For this exercise, retype the lines from the one that holds "En la serie" through the one that holds "Paper in a pattern" in the records below, both included, exactly and without pictures.

*** Opening of Data supplied ***

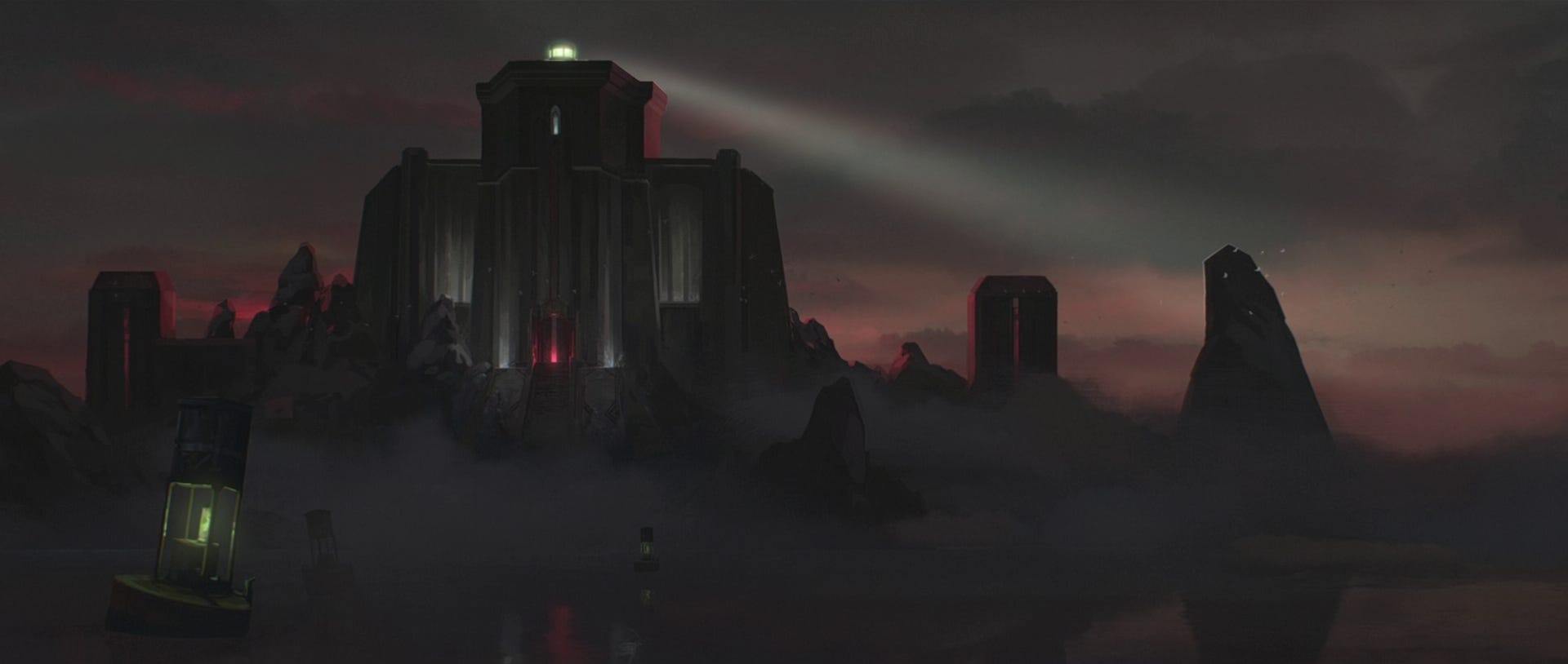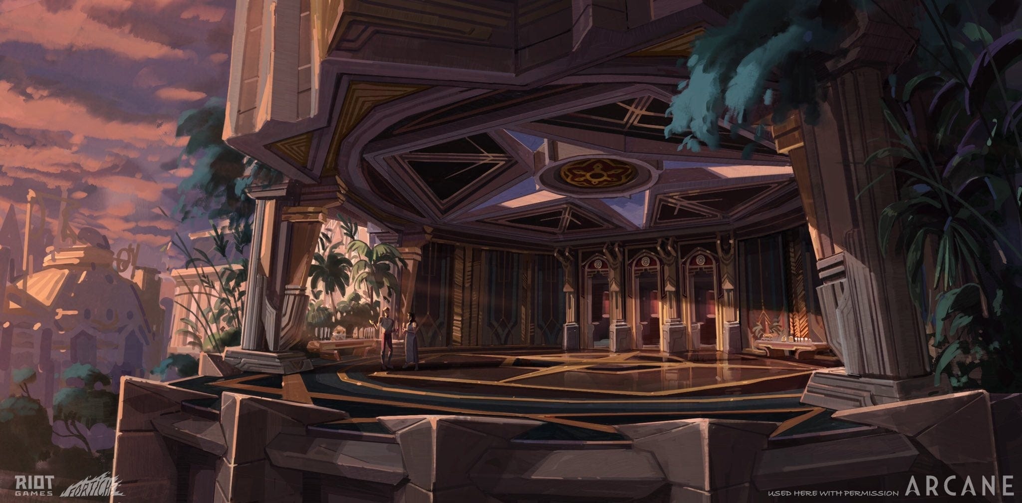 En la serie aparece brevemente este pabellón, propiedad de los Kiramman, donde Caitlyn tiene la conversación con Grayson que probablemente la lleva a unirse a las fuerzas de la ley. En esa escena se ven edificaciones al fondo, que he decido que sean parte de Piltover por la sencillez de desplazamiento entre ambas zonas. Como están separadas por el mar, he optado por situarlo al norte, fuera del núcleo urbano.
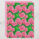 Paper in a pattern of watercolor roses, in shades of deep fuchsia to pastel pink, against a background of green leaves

*** Close of Data supplied ***
*** Opening of Data supplied ***

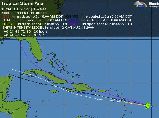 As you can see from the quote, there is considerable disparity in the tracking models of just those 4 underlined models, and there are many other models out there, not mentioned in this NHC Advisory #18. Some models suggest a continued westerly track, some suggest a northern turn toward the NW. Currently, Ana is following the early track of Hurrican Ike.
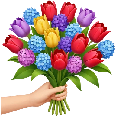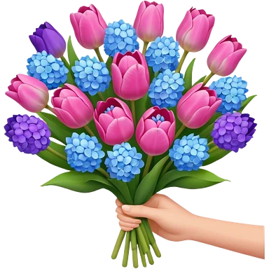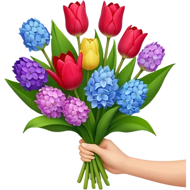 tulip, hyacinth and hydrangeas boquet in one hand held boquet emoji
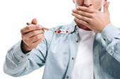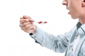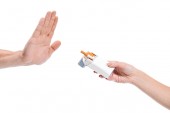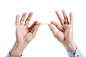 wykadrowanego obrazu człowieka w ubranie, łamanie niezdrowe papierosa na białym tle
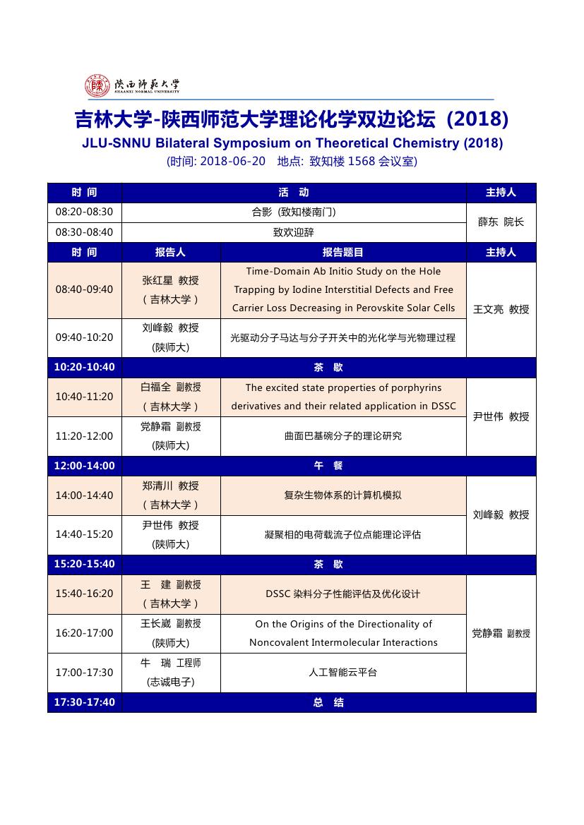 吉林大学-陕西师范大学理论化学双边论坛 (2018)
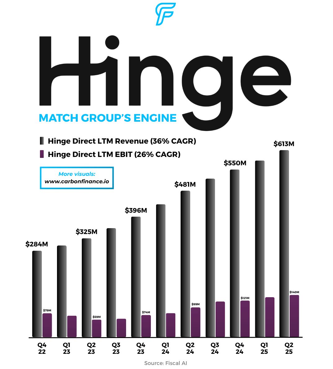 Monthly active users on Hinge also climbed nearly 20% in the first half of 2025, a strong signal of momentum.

*** Close of Data supplied ***

Response box =>
 En la serie aparece brevemente este pabellón, propiedad de los Kiramman, donde Caitlyn tiene la conversación con Grayson que probablemente la lleva a unirse a las fuerzas de la ley. En esa escena se ven edificaciones al fondo, que he decido que sean parte de Piltover por la sencillez de desplazamiento entre ambas zonas. Como están separadas por el mar, he optado por situarlo al norte, fuera del núcleo urbano.
 Paper in a pattern of watercolor roses, in shades of deep fuchsia to pastel pink, against a background of green leaves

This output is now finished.